Как всегда, заговорив о том, что волновало его больше всего, Уллубий увлекся. Голос его окреп, зазвучал увереннее и громче. Речь потекла свободно и плавно: слова словно бы сами собой легко укладывались в нужные, точные формулировки. Друзья знали, что в такие минуты Уллубия нельзя прерывать: теперь он не остановится до тех пор, пока не выскажется до конца.

И вдруг Уллубий запнулся, словно какой-то толчок извне внезапно помешал ему. Оборвав свою речь на полуслове, он медленно оглянулся.

На пороге стояла Тату — раскрасневшаяся, запыхавшаяся, смущенно улыбающаяся.

Уллубию показалось, что за то время, что они не виделись, она стала еще краше. Белый кружевной тастар еле прикрывал ее длинные черные косы. Длинное платье с кружевными манжетами взрослило ее: в нем она казалась выше, тоньше и стройнее.

Словно завороженный, Уллубий встал со своего места и пошел ей навстречу. В этом не было ничего необычного, потому что из всех сидящих за этим столом только он один еще не успел повидаться с Тату. Даже если бы он вскочил ей навстречу и сжал в своих объятиях, и то в этом никто не нашел бы ничего необычного: все давно уже привыкли, что Уллубий и Тату словно родные брат и сестра. И все-таки Уллубий смутился. Ему казалось, что все с легкостью читают у него на лице самые сокровенные мысли.

Тату тоже растерялась. Внезапный приезд Уллубия застал ее врасплох: мать и сестра нарочно не сказали ей ни слова, решив сделать приятный сюрприз.

Так и стояли они друг перед другом, от растерянности забыв даже поздороваться.

Уллубий опомнился первый.

— Ну здравствуй! — сказал он, шагнув навстречу Тату с протянутой рукой. — Как ты выросла!

— А ты разве не знал, что наши шуринские девушки растут нынче как на дрожжах! А уж гимназистки особенно! — пошутил Солтан-Саид.

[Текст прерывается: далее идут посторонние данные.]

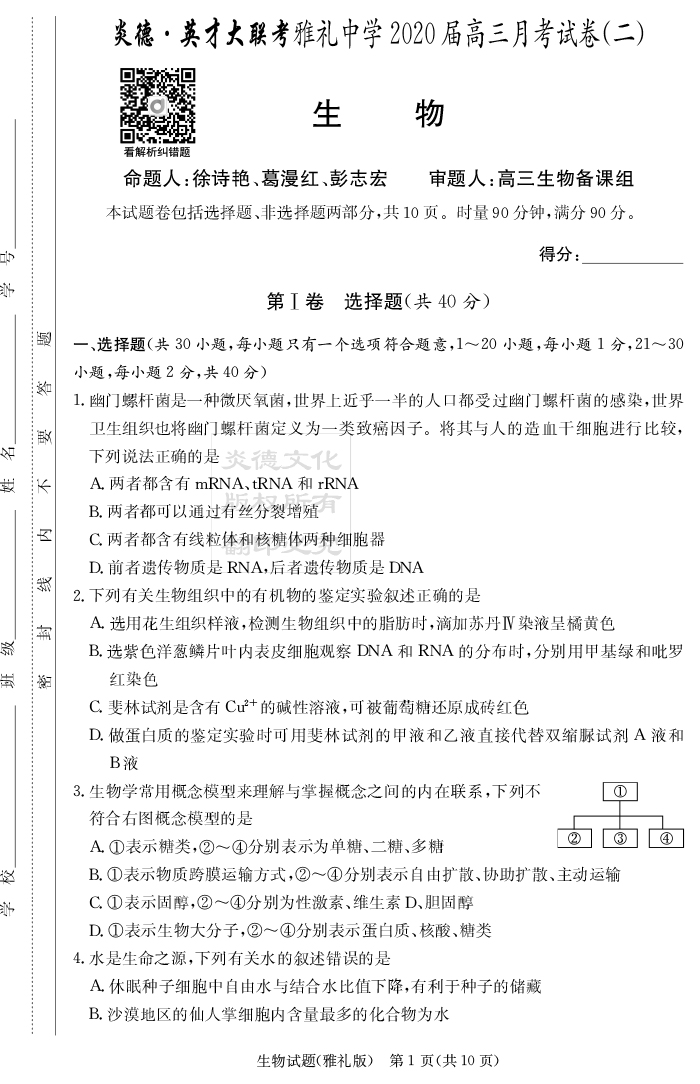 | 資源類別: | 名校月考 | |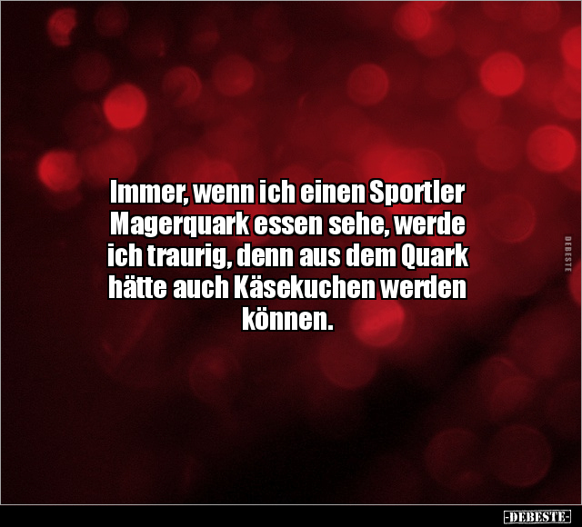 Immer, wenn ich einen Sportler Magerquark essen sehe, werde ich traurig, denn aus dem Quark hätte auch Käsekuchen werden können.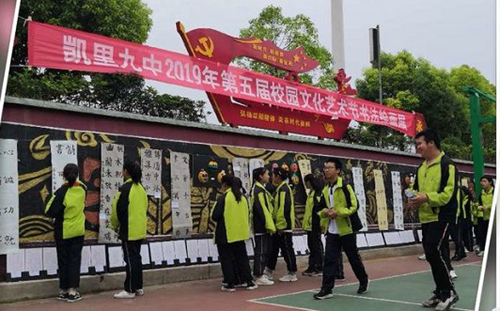 凱里九中2019年的校園文化藝術(shù)節(jié)舉行了書法比賽,同時在校園內(nèi)展出了同學們的書法和繪畫作品,頗具神韻的書法作品引起了同學們的熱烈圍觀。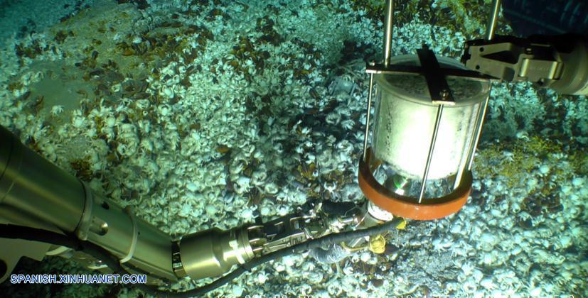 SHENYANG, octubre 29, 2018 (Xinhua) -- Imagen del 23 de octubre de 2018 de Haixing 6000, uno de los robots submarinos de China, recolectando muestras de agua y tierra durante una expedición de investigación. El Haixing 6000, estableció recientemente un récord nacional de profundidad para un vehículo chino operado a control remoto, al sumergirse 6,001 metros debajo de la superficie marina durante su primera expedición de investigación, dijeron el domingo científicos a Xinhua. El Haixing 6000 fue desarrollado por un equipo del Instituto de Automatización de Shenyang, subordinado a la Academia de Ciencias de China. Este es el primer vehículo submarino operado a control remoto por China que es capaz de sumergirse 6,000 metros, dijo Li Zhigang, científico en jefe del equipo. El vehículo alcanzó una profundidad máxima de 6.001 metros y completó una serie de tareas submarinas en tres horas, incluida observación en las profundidades del mar, investigación científica, recolección de muestras del suelo y agua y una búsqueda simulada de una caja negra. (Xinhua/Str)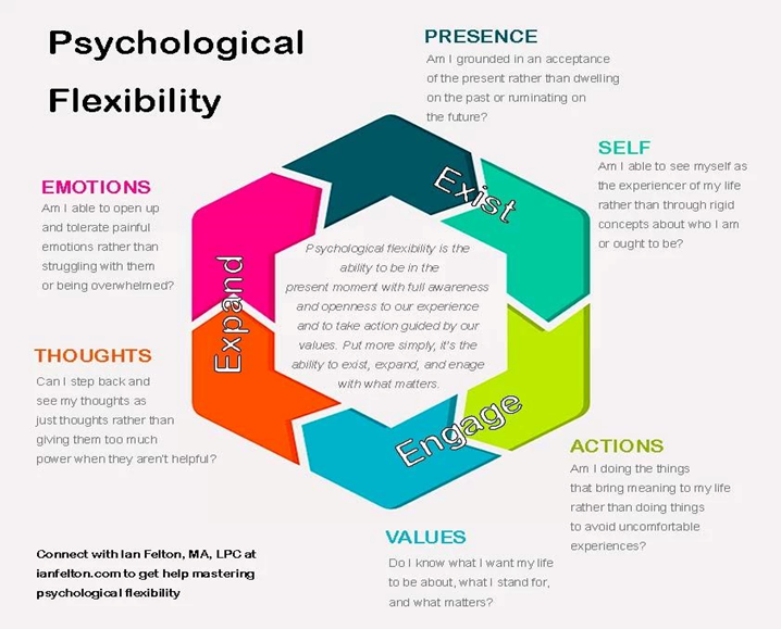 Ian Felton (2021). Psychological flexibility: https://www.ianfelton.com/post/psychological-flexibility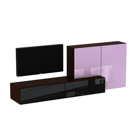 Композиция для гостиной. Все модули коллекции Сubo крепятся к стене. Двери шкафов и выдвижные ящики открываются по принципу «нажал-открыл». Глубина шкафов: 37 см.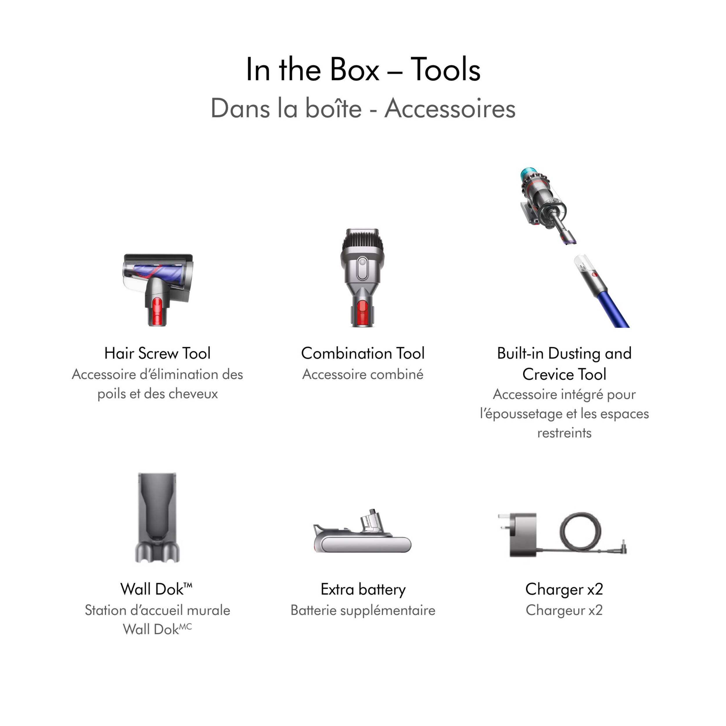 In the box: Dyson Outsize, Motorbar™ XL cleaner head, Fluffy Optic cleaner head, wall dock, combi tool, hair screw tool, extra battery, 2 chargers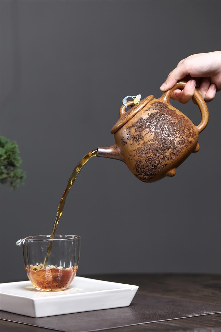 【泥料特點】砂土氣重,似淳實農民,日久使用,漸露鋒芒,養成變化,溫潤莊重。紫砂是壹種雙重氣孔結構的多孔性材質,氣孔微細,密度高。用紫砂壺沏茶,不失原味,且香不渙散,得茶之真香真味。紫砂使用越久,壺身色澤越發光亮照人,氣韻溫雅。紫砂壺長久使用器身會因撫摸擦拭,變得越發溫潤光澤。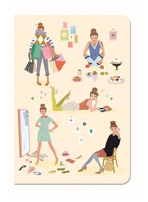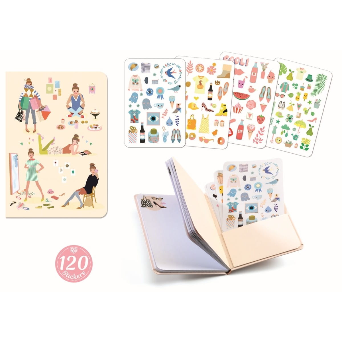 Kieszonkowy notesik Djeco w okładce ma umieszczone arkusze z połyskującymi naklejkami z ubraniami, owocami. Gładkie strony notesu mają delikatne ozdoby na górze. Piękny i subtelny notes posiada 78 stron to sporządzania notatek, rysunków, sekretnych zapisków oraz dekoracji z naklejek.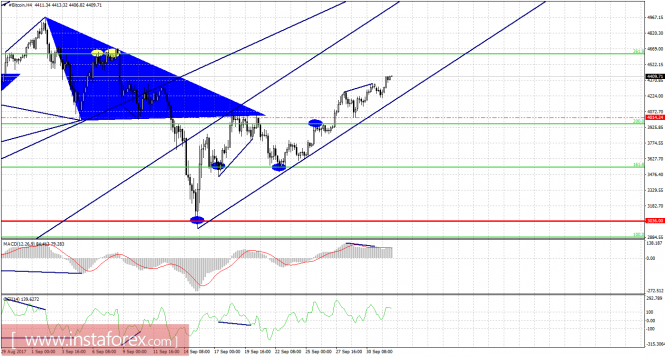 После закрепления котировок биткоина над уровнем Фибо 200,0% - 3960,00$, криптовалюта возобновила свой рост в направлении коррекционного уровня 261,8% - 4618,00$. Равноудаленный коридор остается рабочим. Небольшая дивергенция у индикатора MACD позволила котировкам лишь немного отойти вниз, после чего был возобновлен рост.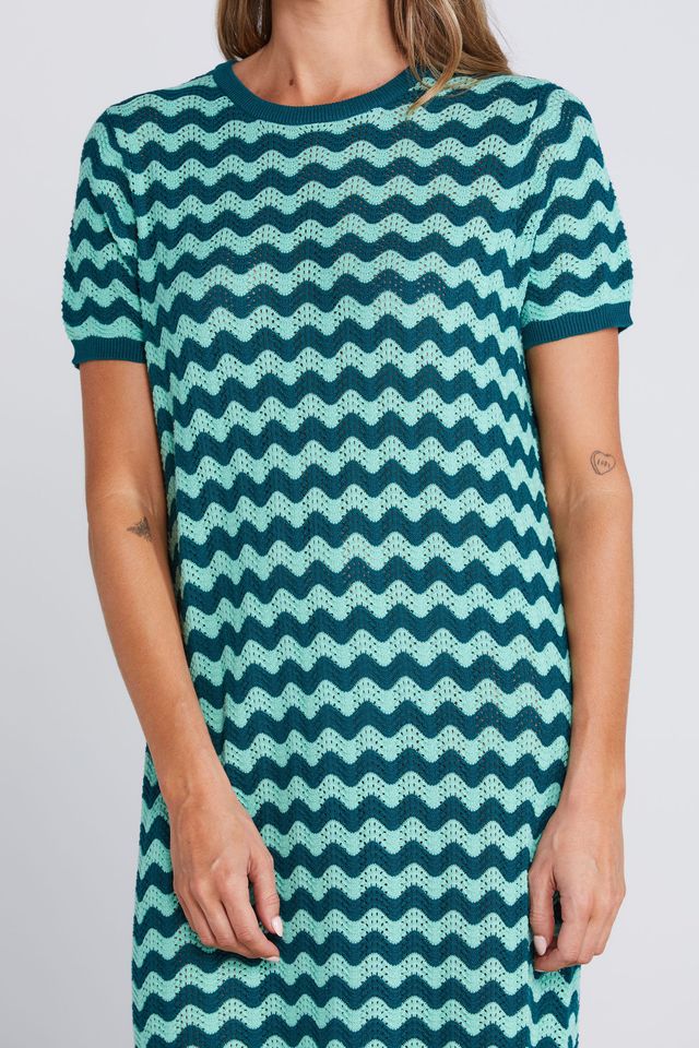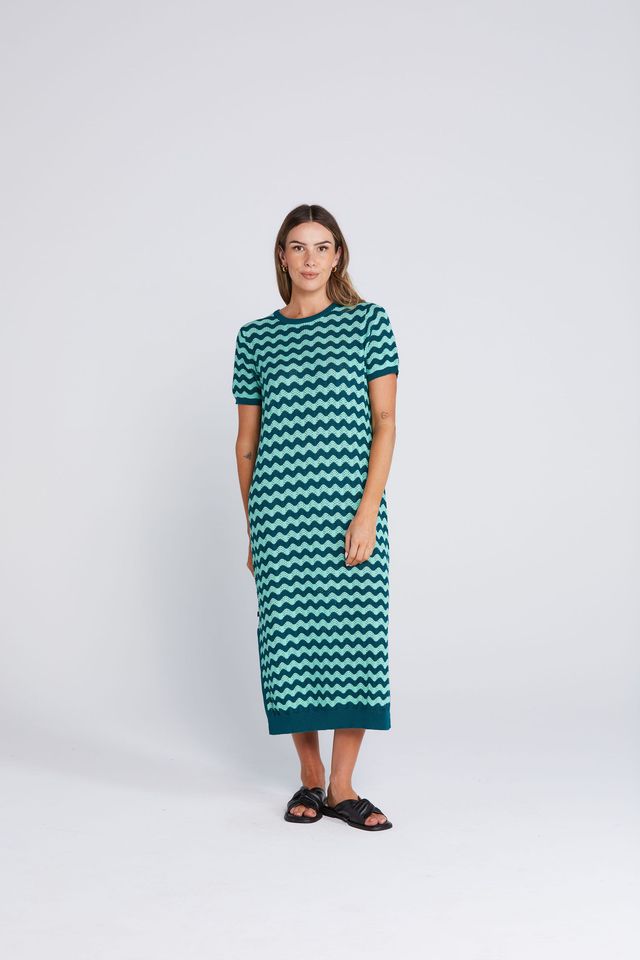 The Squiggle Dress is the dress version of our popular Squiggle Tee, and it’s knitted in 100% Cotton.

Незатейливая шутка эта имела шумный успех и сразу разрядила обстановку. Уллубий как ни в чем не бывало сел на свое место. Но тут снова распахнулась дверь и в комнату, словно вихрь, ворвалась еще одна девушка в гимназическом платье.

Это была одноклассница Тату — Аня. Смуглая, белозубая, с коротко стриженными темными волосами, она была полной противоположностью своей подруге. Заразительной жизнерадостностью, умением легко и просто сходиться с людьми, счастливой способностью сразу чувствовать себя как дома в любой компании она скорее напоминала Зумруд.

— Вон кто здесь? Уллубий! Ну, от меня ты так просто не отделаешься! — весело заговорила она. — Встань сейчас же! Давай-ка я тебя расцелую!

— С удовольствием! Я первый готов поцеловать тебя! — поднялся ей навстречу Уллубий. Однако он не спешил приводить в исполнение эту свою угрозу: одно дело — вольничать на словах и совсем другое — так вот просто взять да и расцеловаться на глазах у всех с молоденькой девушкой. У горцев не принято, чтобы даже близкие люди целовались при посторонних.

Впервые Уллубий увидел Аню года два назад на молодежном загородном пикнике. Он сразу проникся к ней искренней симпатией: ему понравилась ее непосредственность, открытость, прямота.